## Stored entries

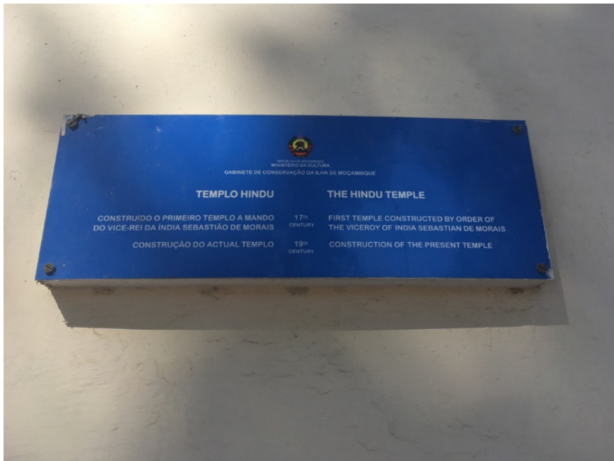
Figure 3: Mozambique Island Hindu Temple.
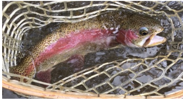
A 22" rainbow trout landed by Gary Woerderhoff on the Blue.
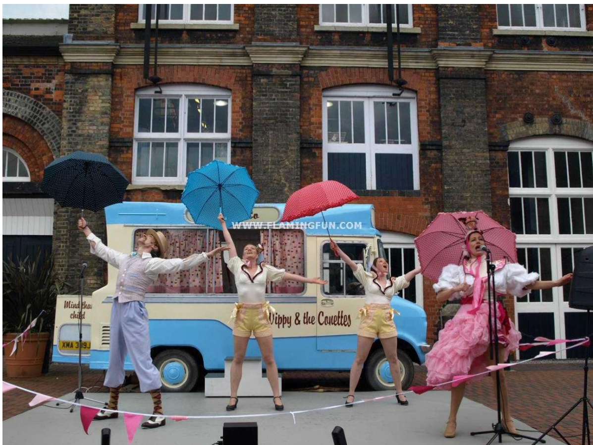
Mr Wippy and the Conettes

Mr Wippy and the Conettes is a piece of mobile, musical theatre based in an antique ice cream van. The styling is reminiscent of 1940's American 'Cheesecake' art and the saucy seaside postcard art of pre-war Britain, tailored to suit family audiences. The theme of the show is ice cream and it is 15mins long. The characters: Mr. Wippy - the compère and crooner, Knickerbocker Glory (AKA Strawberry Sauce) the leading lady and The Conettes- the two backing singers, all sing and dance familiar Hollywood musical numbers with rewritten lyrics. Between shows the cast offer short dance workshops to members of the audience, all ages are welcome.
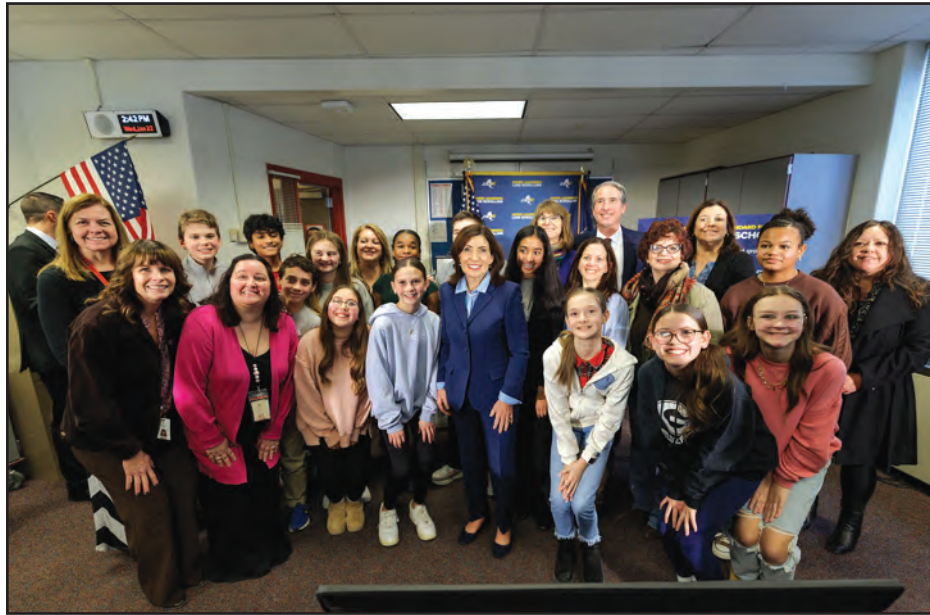
Gov. Kathy Hochul announced recently her proposal to have smartphone use restricted in schools.
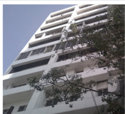
Urmi Aangan, Pedder Road, Mumbai
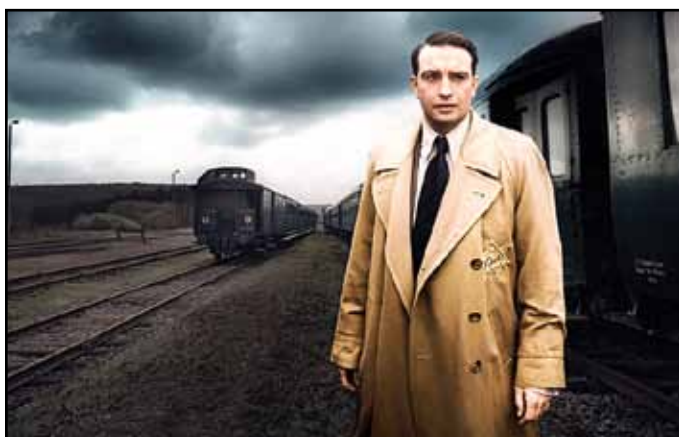
SÜSKIND, March 14, 17
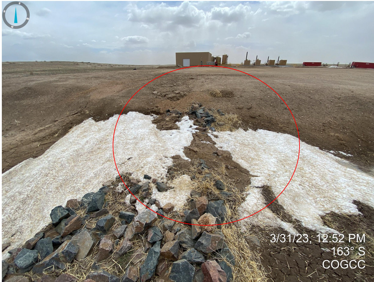
Photo 7. Facing south at rip rap check dam area. Rip rap structure will require maintenance as portions were observed to be filled with sediment.
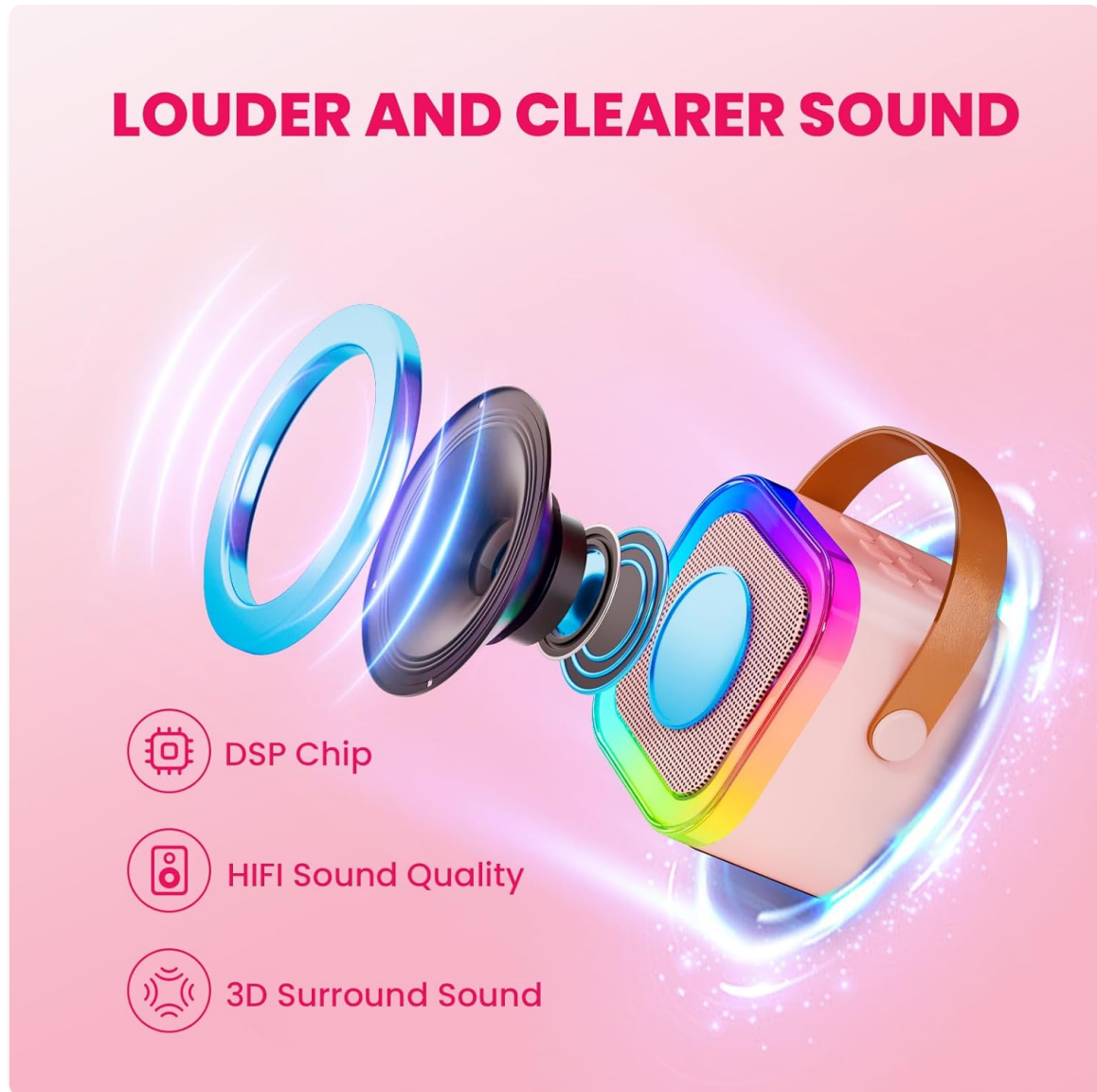
Image: An exploded view diagram illustrating the internal audio components of the karaoke machine, emphasizing its DSP chip, HiFi sound quality, and 3D surround sound capabilities.

The IROO Mini Karaoke Machine is a compact and portable audio system designed for entertainment. It features a main speaker unit with integrated controls and colorful LED lights, along with two wireless microphones for duet singing.
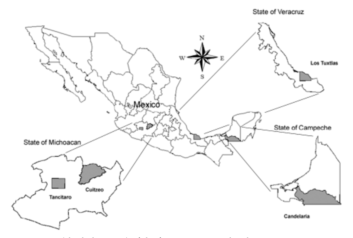
Fig. 2. Location (shaded in grey) of the four eco-geographical areas in Mexico.
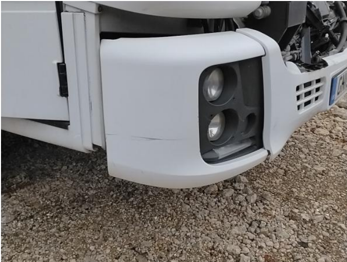
3: Fog Lamp Surround os Broken Replace
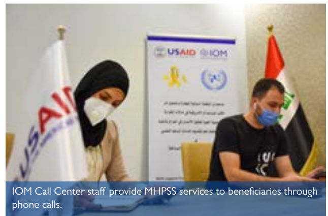
IOM Call Center staff provide MHPSS services to beneficiaries through phone calls.
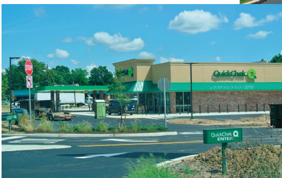
Quick Chek, Raritan
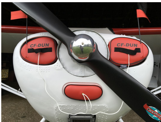
Aeronca 11AC Engine Inlet Plugs

Engine Inlet Plugs are custom fit for your Aeronca Chief 11AC, Super Chief 11CC intakes, made with heavy-duty vinyl material, and stuffed with a single block of sculpted urethane foam. Each plug has a zipper that allows the foam to be removed and dried if necessary. Engine plugs have warning flags that are visible from the cockpit or 'remove before flight' streamers sewn onto the face of the plugs. Most plugs are imprinted with the aircraft registration number in black for an extra charge. Storage bag NOT included. Engine plugs may be inserted after flight when the engine is still warm. Engine Inlet Plugs are commonly referred to as Cowl Plugs, Intake Plugs, Cowl Blocks, Engine Blocks, and Engine Bungs.
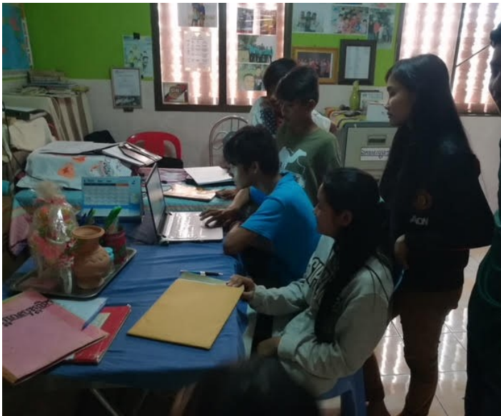
A computer was purchased to help the children develop their technical skills for the workplace and future employment.
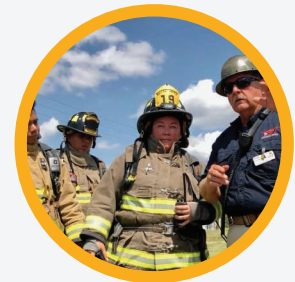
Any incident will have a unified command to coordinate response activities

## TO DO
Exclude the pictures and repeat the entries word for word.

## TASK OUTPUT
Figure 3: Mozambique Island Hindu Temple.
A 22" rainbow trout landed by Gary Woerderhoff on the Blue.
Mr Wippy and the Conettes

Mr Wippy and the Conettes is a piece of mobile, musical theatre based in an antique ice cream van. The styling is reminiscent of 1940's American 'Cheesecake' art and the saucy seaside postcard art of pre-war Britain, tailored to suit family audiences. The theme of the show is ice cream and it is 15mins long. The characters: Mr. Wippy - the compère and crooner, Knickerbocker Glory (AKA Strawberry Sauce) the leading lady and The Conettes- the two backing singers, all sing and dance familiar Hollywood musical numbers with rewritten lyrics. Between shows the cast offer short dance workshops to members of the audience, all ages are welcome.
Gov. Kathy Hochul announced recently her proposal to have smartphone use restricted in schools.
Urmi Aangan, Pedder Road, Mumbai
SÜSKIND, March 14, 17
Photo 7. Facing south at rip rap check dam area. Rip rap structure will require maintenance as portions were observed to be filled with sediment.
Image: An exploded view diagram illustrating the internal audio components of the karaoke machine, emphasizing its DSP chip, HiFi sound quality, and 3D surround sound capabilities.

The IROO Mini Karaoke Machine is a compact and portable audio system designed for entertainment. It features a main speaker unit with integrated controls and colorful LED lights, along with two wireless microphones for duet singing.
Fig. 2. Location (shaded in grey) of the four eco-geographical areas in Mexico.
3: Fog Lamp Surround os Broken Replace
IOM Call Center staff provide MHPSS services to beneficiaries through phone calls.
Quick Chek, Raritan
Aeronca 11AC Engine Inlet Plugs

Engine Inlet Plugs are custom fit for your Aeronca Chief 11AC, Super Chief 11CC intakes, made with heavy-duty vinyl material, and stuffed with a single block of sculpted urethane foam. Each plug has a zipper that allows the foam to be removed and dried if necessary. Engine plugs have warning flags that are visible from the cockpit or 'remove before flight' streamers sewn onto the face of the plugs. Most plugs are imprinted with the aircraft registration number in black for an extra charge. Storage bag NOT included. Engine plugs may be inserted after flight when the engine is still warm. Engine Inlet Plugs are commonly referred to as Cowl Plugs, Intake Plugs, Cowl Blocks, Engine Blocks, and Engine Bungs.
A computer was purchased to help the children develop their technical skills for the workplace and future employment.
Any incident will have a unified command to coordinate response activities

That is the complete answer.